Acceptance is the Key That Unlocks Human Flourishing
“God, grant me the serenity to accept the things I cannot change, the courage to change the things I can, and wisdom to know the difference.”
— Reinhold Niebuhr, later adopted by Alcoholics’ Anonymous.
One morning in August 2000, I was sitting in my flat in Singapore, meditating, enjoying a state of inner calm. But suddenly, for no apparent reason, a loud, high-pitched ringing noise started up in my ear. It was as if someone had pressed a button inside my head. Everyone gets ringing in their ears sometimes, of course, so at first, I wasn’t concerned.
But this ringing didn’t go away.
And it seemed to get worse — after a few days, it got louder and developed an awful screeching overtone. I found it impossible to meditate, and difficult to sleep.
In fact, I was disturbed by the noise almost all the time. It was so loud that I was always conscious of it unless there was very loud background noise.
I gradually realized that the noise wasn’t going to leave me.
I realized that I had tinnitus.
Perhaps it was the result of playing loud music in rock bands for several years when I was younger, or perhaps it was related to an episode of bronchitis I’d had shortly before. The worst thing was that I could never escape the noise — it was always with me, 24 hours a day. I used to love silence, to just sit or lie down and listen to the stillness, so it was depressing to think that for me silence was gone forever. I went to see a specialist, who told me that I was partially deaf in my ear due to the tinnitus and that there was no chance of a cure — it was something I’d just have to get used to.
I tried to mask the noise — the specialist gave me a ‘white noise’ generating device to put in my ear, and at night I went to sleep with the radio tuned between stations. But that wasn’t fair on my wife – the noise of the radio made it difficult for her to sleep. Eventually, I said to myself, ‘This is ridiculous — the noise isn’t going to go away, so I’ll have to try to accept it.’

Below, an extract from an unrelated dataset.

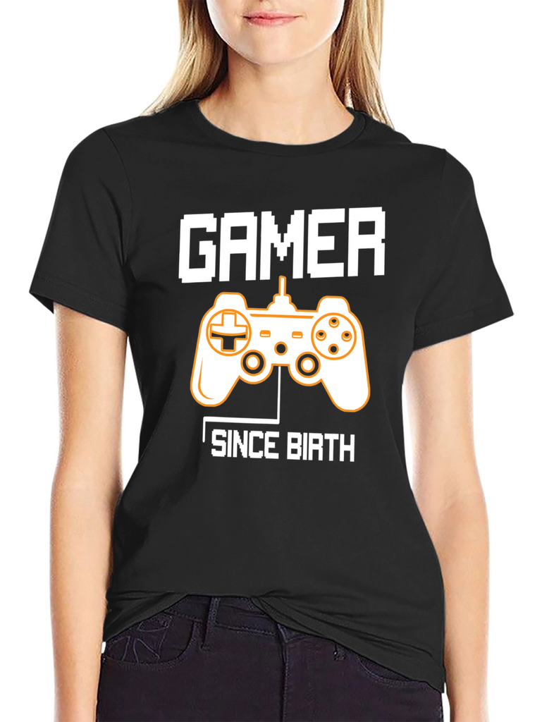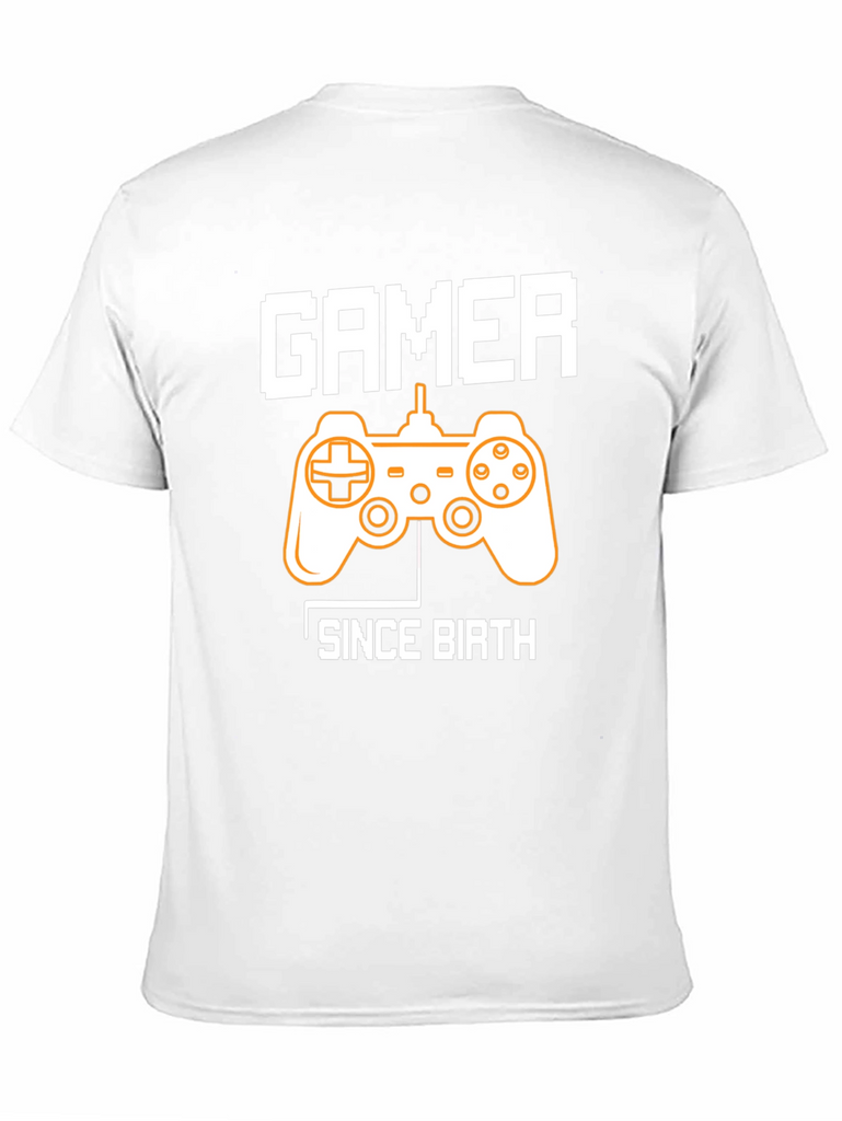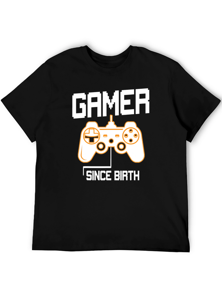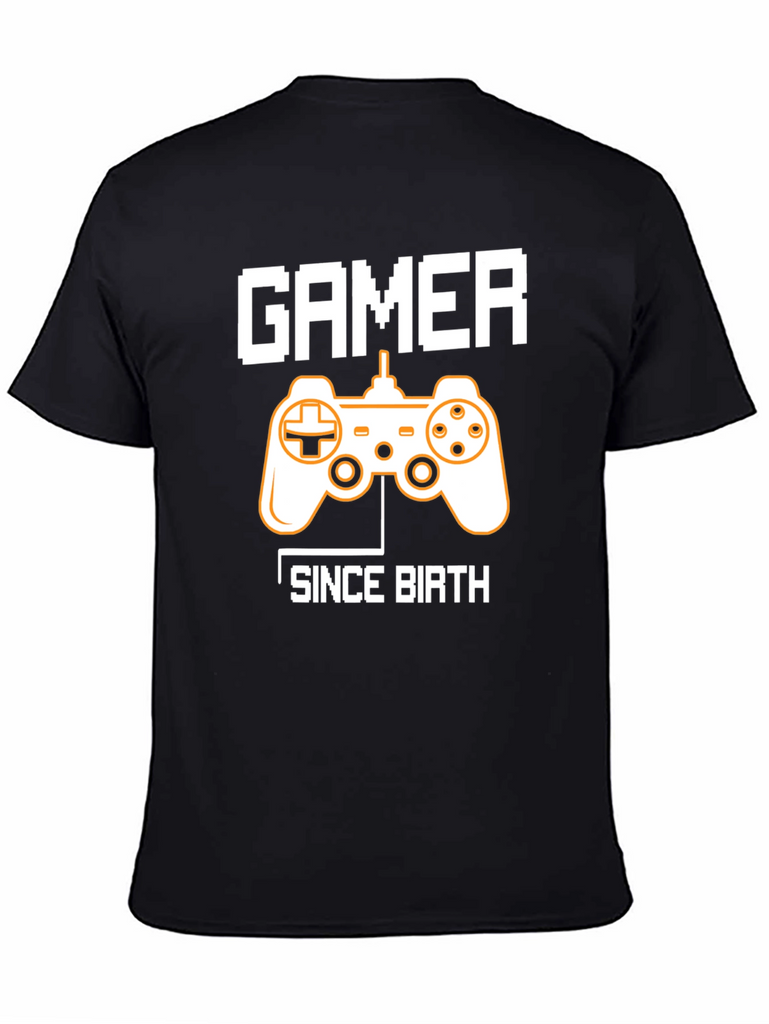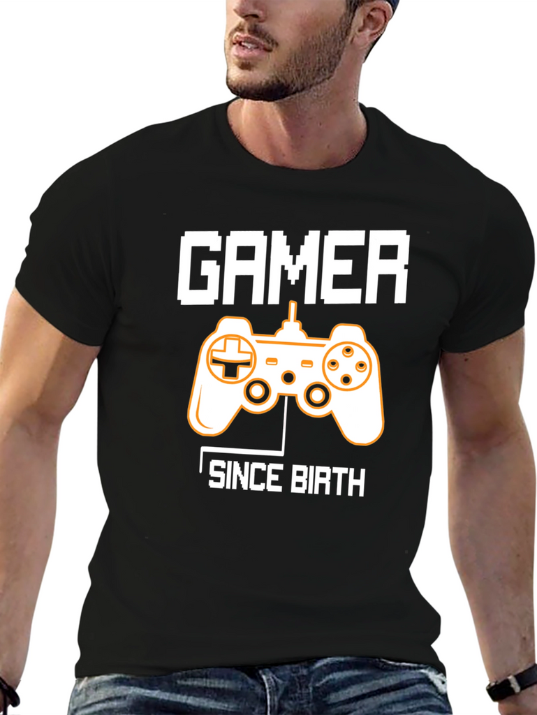 Show off your lifelong passion for gaming with this stylish black graphic t-shirt. The shirt features a classic video game controller graphic in contrasting colors, emblazoned between the words "GAMER" and "SINCE BIRTH" in a pixelated font. Made from a comfortable and breathable fabric, this tee is perfect for casual wear, gaming sessions, or as a statement piece. Ideal for gamers of all ages, this shirt makes a great gift for the video game enthusiast in your life. Grab yours today and let the world know you've been gaming since day one!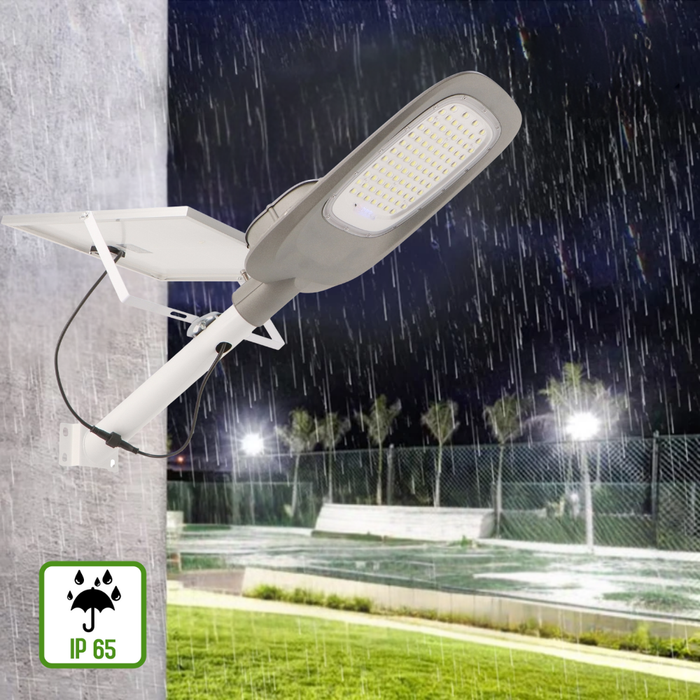Cu un unghi de fascicul de 140°x70°, această lampă oferă o distribuție uniformă a luminii, acoperind o zonă largă de iluminare. Designul compact al lămpii și al panoului solar facilitează instalarea și integrarea în mediul exterior. Clasa de protecție IP65 garantează rezistența la apă și praf, asigurând funcționarea în condiții diverse.

One night I decided to face up to the noise, and not switch the radio on. And to my surprise, it wasn’t so difficult. Imagine there’s a person who you think of as an enemy and are afraid to face — but once you do face them, you find that they’re not so objectionable after all. I managed to get to sleep quite easily, and the next night it was even easier. I found that I was less affected by the noise during the day as well. I even found I could meditate without background noise.
I still hear the tinnitus now — it’s screeching in my ear as I write this, but it doesn’t affect me. It’s just there, in a neutral, non-bothering way.